Правда, тут же и червячок сомнения румяное яблочко его оптимизма начинал точить: разве ж это нормально, что, вместо того, чтобы сосредоточиться на своем профессиональном деле, люди мечутся между письменным столом, классом, лабораторией, больницей, сценой и грядками с морковкой, луком и редиской, не зная толком, как и что туда воткнуть?
На месте оказалось, что сразу нескольким новорожденным садоводческим обществам выделено одно большое, гектаров на сто с лишним, брошенное совхозное поле. До самых колков оно густо поросло высоким, жестким, грязно-серым бурьяном. Поле это много лет подряд, без передышки, доводя до полного истощения, засевали то овсом, то кукурузой, то еще какими-то злаками, нещадно травили пестицидами и гербицидами, а теперь вот, когда даже таким варварским способом содержать его стало не под силу (ни техники, ни горючего, ни людей, ни, главное, денег, чтобы это все иметь), когда высосали из поля практически все соки и фактически угробили, превратили в сорную пустошь, решили сбагрить подвернувшимся горожанам да еще и умудриться при том себе и ручку позолотить, лупя деньги с доверчивых урбаноидов за аренду земли, за пахоту, за то, за се...
Ликующее шествие новоявленных землевладельцев притихло, сгрудившись на кромке, приуныло.
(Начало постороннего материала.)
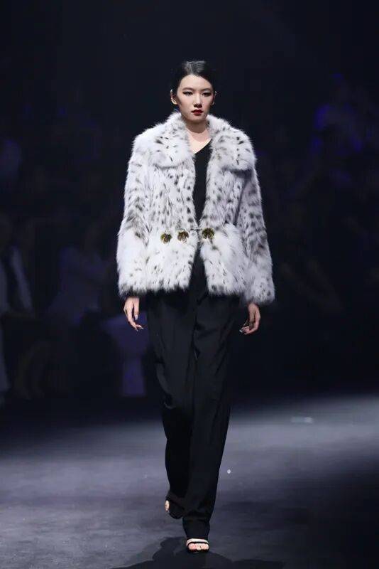 黑色颜色的服装在和毛绒皮草外套之间的搭配,厚实蓬松也多了温暖的暖意。
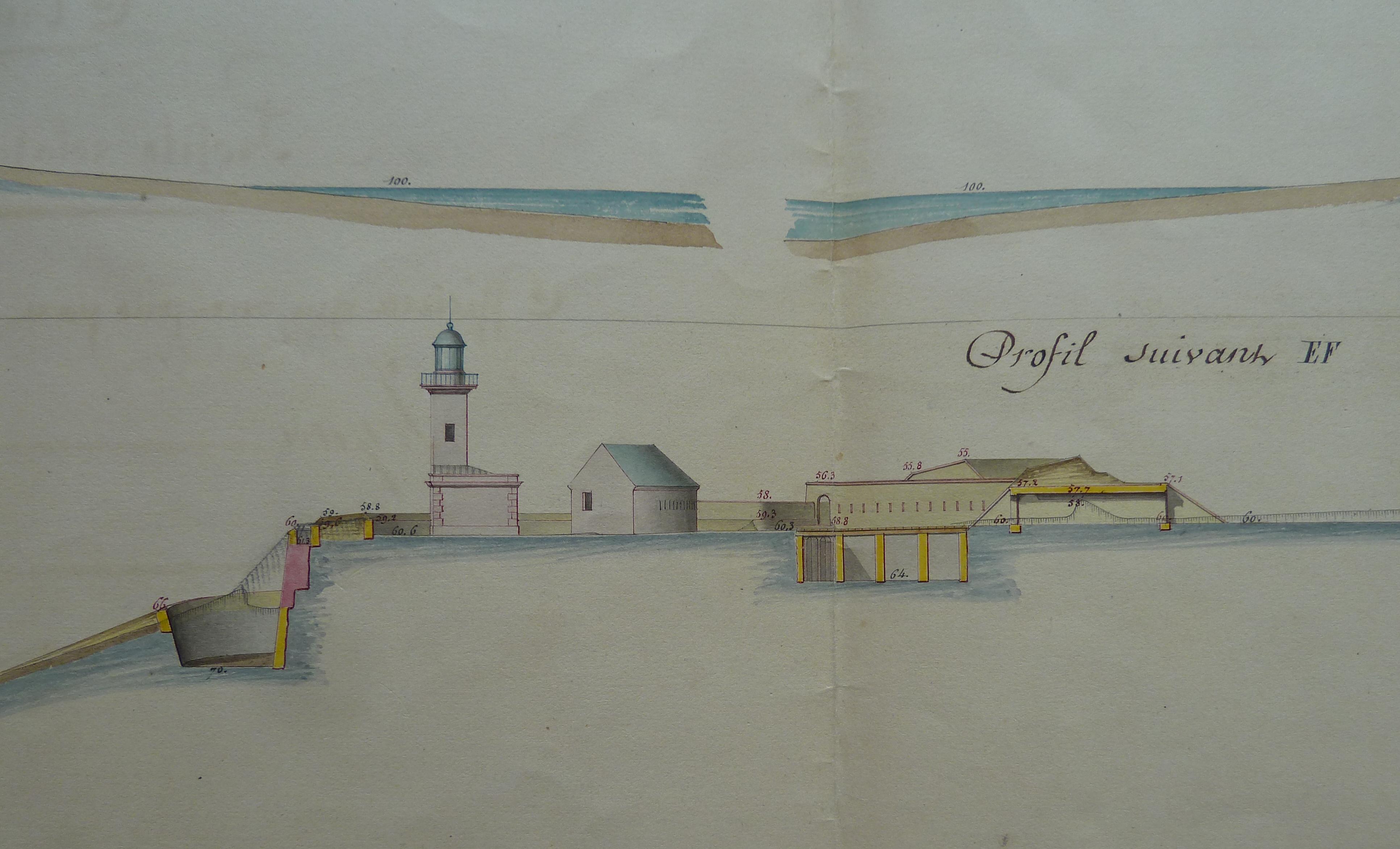 Service historique de la Défense, département Armée de Terre, Vincennes. Archives du Génie ; Article 8, Places françaises et d'Algérie : 1 VH 1473, Place de Port-Louis, projets et dépenses annuels, 1835-1846. Direction du Génie de Nantes, Place de Port-Louis, feuille n° 2 des projets extraordinaires pour 1845, profils relatifs à la feuille n° 1, 24 décembre 1845.
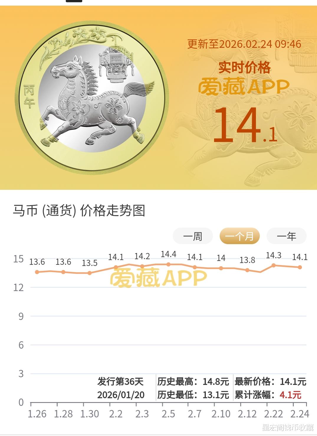 2026年马年普通纪念币原盒目前市场行情基本上能保持在14.3~14.5元左右,不过基本上在14~14.2元左右的2026年马年普通纪念币成交量还是比较活跃,2026年马年普通纪念币的价格超过14.3元以上,目前来看成交量并不是太活跃,看来差价也就在一两毛左右。
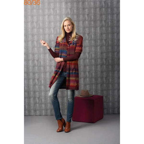 Ponts utilisés: Point jersey endroit et envers, côtes 2x2, point fantaisie et Rayures
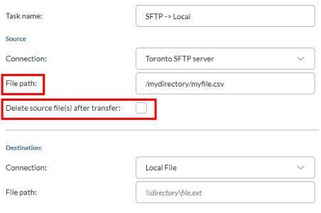 - When using this option with SFTP, the following additional options are available through File path:
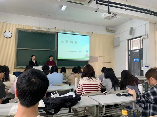 2024年9月10日下午,法律诊所基层教学组织邀请南京市浦口区人民法院鄢志文法官为808钱包 学生开展民事调解实践专题教学,808钱包 教师秦康美共同参与课堂教学。
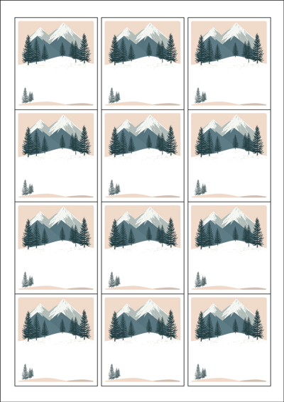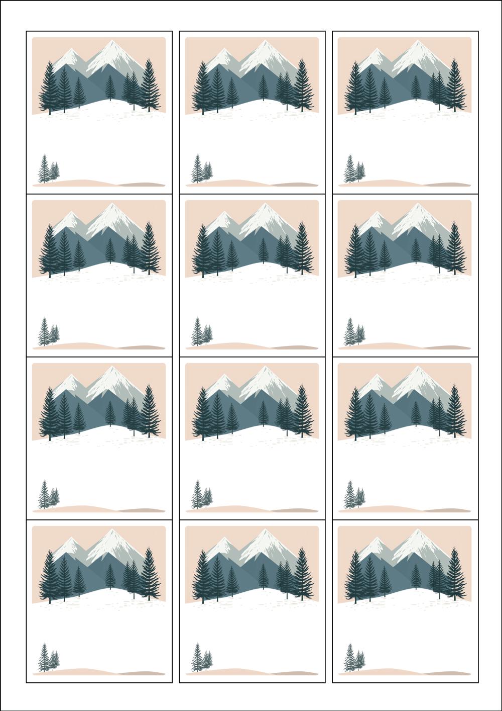 디자인된 A4 라벨지 출력용 라벨스티커, 규격코드: 961, 디자인코드: DA1582(저 잘지내요~ 겨울산에 인사), 61 x 68 (mm)
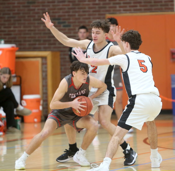 Swarmed: Eagles’ Aidan Childs (5) and John Heffern (12) double team Fox Lane’s Will Broghammer in hopes to force a turnover.

Но ненадолго. Откуда-то появились люди с землемерными саженями, рулетками, охапками пограничных колышков. Народ заволновался: начиналось самое сложное и интересное – разметка земельных участков.
– Ну, поехали, што ли! – сказал некто небритый, в заштопанной телогрейке и стоптанных сапогах, сам очень похожий на лежащую под его подошвами почву, и процесс пошел.
Шел он нервно, с драматическими коллизиями и накалом страстей. Поле было хоть и бросовое, но имелись на нем участочки и получше, и похуже. Последних – гораздо больше. И они, разумеется, никому не были нужны. А потому грозовая атмосфера возникла сразу же, как только циркуль землемера шагнул вглубь поля.
Мерили и размечали, время от времени хватая друг друга за грудки, а порой теряя не только интеллигентный, культурный, но и вообще человеческий облик, до самого вечера.
Перевалов в общей сваре не участвовал. Он бродил по травянистой дороге вдоль поля, заходил в лесополосу с непросохшим ковром прошлогоднего палого листа, издали наблюдал за клубящимся вокруг землемера человеческим роем, и от утрешнего радостного возбуждения не оставалось и следа.
Участок Перевалову достался прямо у дороги, по которой он бродил весь день. С этого края надел был изрядно побит тяжелой тракторной техникой, а местами утрамбован колесами так, что только динамитом его брать. Но что делать, если не участвовал в баталиях дележа, если не пускал юшку соперникам в борьбе за свое землевладельческое счастье!..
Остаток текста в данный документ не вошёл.